Teens and Tough Love

I had to kick out my first teen last week (well, my first in this particular job). And not just for the day. From the Teen Space, pretty much forever. He’s allowed in the rest of the library and he can come in and check out books quickly and then leave, but he can’t hang out in the space during Teen hours and he can’t check out any of our equipment.

Because he stole something from us.

He actually stole something from a different YOUmedia site, but after two days of emails between myself and the other YOUmedia staff we concluded that since we are a network, consequences should be enforced network wide. And we don’t want kids to think that they can steal something from one site and then just start going to another with no consequences. It’s a privilege to have the tech we do and it needs to be treated accordingly. We need them to get that, and the vast majority of them do with no problems. But this one thought he could take advantage of us, and that just doesn’t fly.

I know it’s the right thing to do. But still, it was hard to sit down and tell him this.

Because he is, in general, a pretty good kid. He clearly has some issues going on at home. He’s super needy, and not good at interacting with other teens. And part of me wanted to give him a second chance. I want the teens to always know I have their back. But in this case, having his back meant making sure he understands that actions come with consequences.

And what made it harder was sitting him down and confronting him, watching him continue to try to lie to me. He didn’t get volatile, or violent or anything. But he kept lying to my face, even though I had proof of the truth.

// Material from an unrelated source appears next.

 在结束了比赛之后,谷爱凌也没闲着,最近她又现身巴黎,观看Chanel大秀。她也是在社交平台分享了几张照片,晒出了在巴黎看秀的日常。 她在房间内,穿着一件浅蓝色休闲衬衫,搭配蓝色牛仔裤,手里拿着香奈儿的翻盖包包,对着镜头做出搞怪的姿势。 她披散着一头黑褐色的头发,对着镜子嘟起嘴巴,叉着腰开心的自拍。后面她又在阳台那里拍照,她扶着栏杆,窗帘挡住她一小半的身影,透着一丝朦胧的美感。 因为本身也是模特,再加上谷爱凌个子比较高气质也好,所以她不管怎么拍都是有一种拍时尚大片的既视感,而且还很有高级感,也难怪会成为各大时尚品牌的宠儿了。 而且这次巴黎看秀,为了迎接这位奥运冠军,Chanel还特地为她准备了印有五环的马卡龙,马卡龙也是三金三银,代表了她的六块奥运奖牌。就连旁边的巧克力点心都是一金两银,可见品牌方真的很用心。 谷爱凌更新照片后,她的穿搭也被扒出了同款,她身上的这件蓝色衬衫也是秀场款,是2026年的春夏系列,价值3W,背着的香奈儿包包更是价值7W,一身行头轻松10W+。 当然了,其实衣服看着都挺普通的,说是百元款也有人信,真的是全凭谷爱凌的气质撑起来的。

I can enforce rules and consequences, but I can’t make him learn that owning up to our mistakes is the best thing we can do. Some people never learn that… too many. I hope he isn’t one of them.

I work in an area where crime is almost a given, a way of life. These kids face violence, dodge gang recruiters, deal with home situations that I can barely imagine. And they’re teens, so they think they’re invincible.

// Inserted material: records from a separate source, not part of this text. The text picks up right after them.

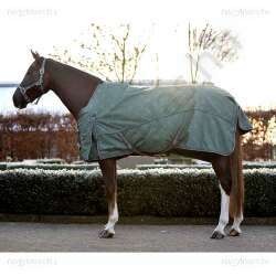 Erős, vízálló és légáteresztő esőtakaró gyapjú béléssel, amely melegen tartja a lovat szélben és alacsonyabb hőmérsékleten. A szőnyeg a mellkason állítható illeszkedéssel rendelkezik, így nem nyílik ki, ha a lónak szélesebb a mellkasa. A laza nyak a nyaknál lévő D-gyűrűkhöz rögzíthető.
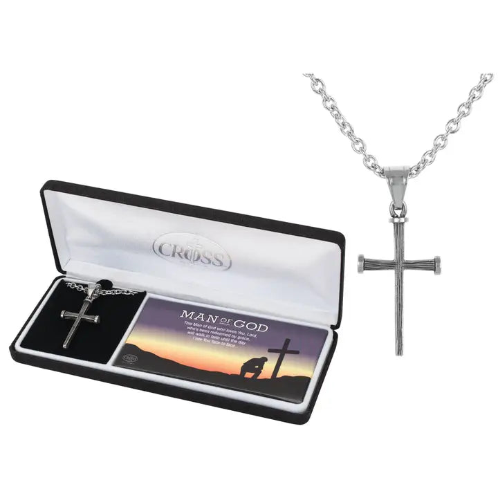 Man of God Men's Nail Cross Necklace Nail design cross has antique textured look and feel. Stainless steel cross is 11/4"L x 7/8"W on 3/8" bale. Stainless steel cable chain is 24". Deluxe black gift box has man and cross silhouette design the words Man of God and a short poem.
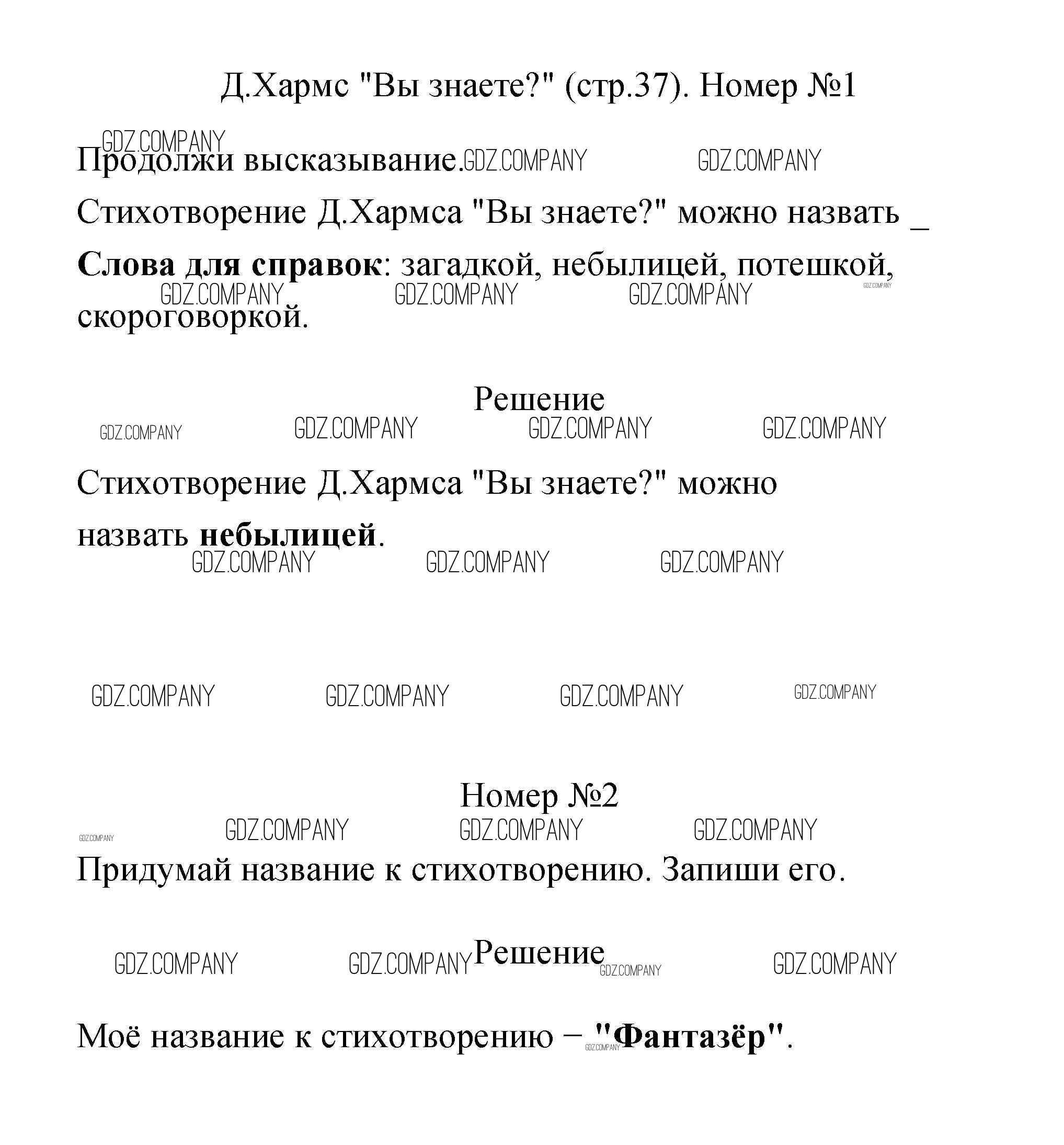 Здесь готовые ответы по Литературе за 2 (второй) класс от Тихомирова Рабочая тетрадь УМК  (издательство: Экзамен от 2021 г.) № 37

Sometimes it’s my job to give second chances. To be understanding. To be forgiving. But sometimes its my job to say “this is the line, and when you cross it there are consequences you can’t talk your way out of.” Hopefully he won’t steal things anymore. Hopefully he’ll learn his lesson. Hopefully this behavior won’t escalate.


The hardest part about my job, the hardest part about working with teens, is letting them make their own mistakes and learn their own lessons. Better here, now, with me than somewhere and when with life altering repercussions. The hardest part is knowing why they do what they do and not being able to pour what I’ve learned into their heads. They have to learn it themselves.

My favorite Dumbledore quote is from The Order of the Pheonix, “Youth cannot know how age thinks and feels. But old men are guilty if they forget what it was to be young.”

It’s because I understand, because I remember that I chose tp work with teens.

But that doesn’t always make it easy.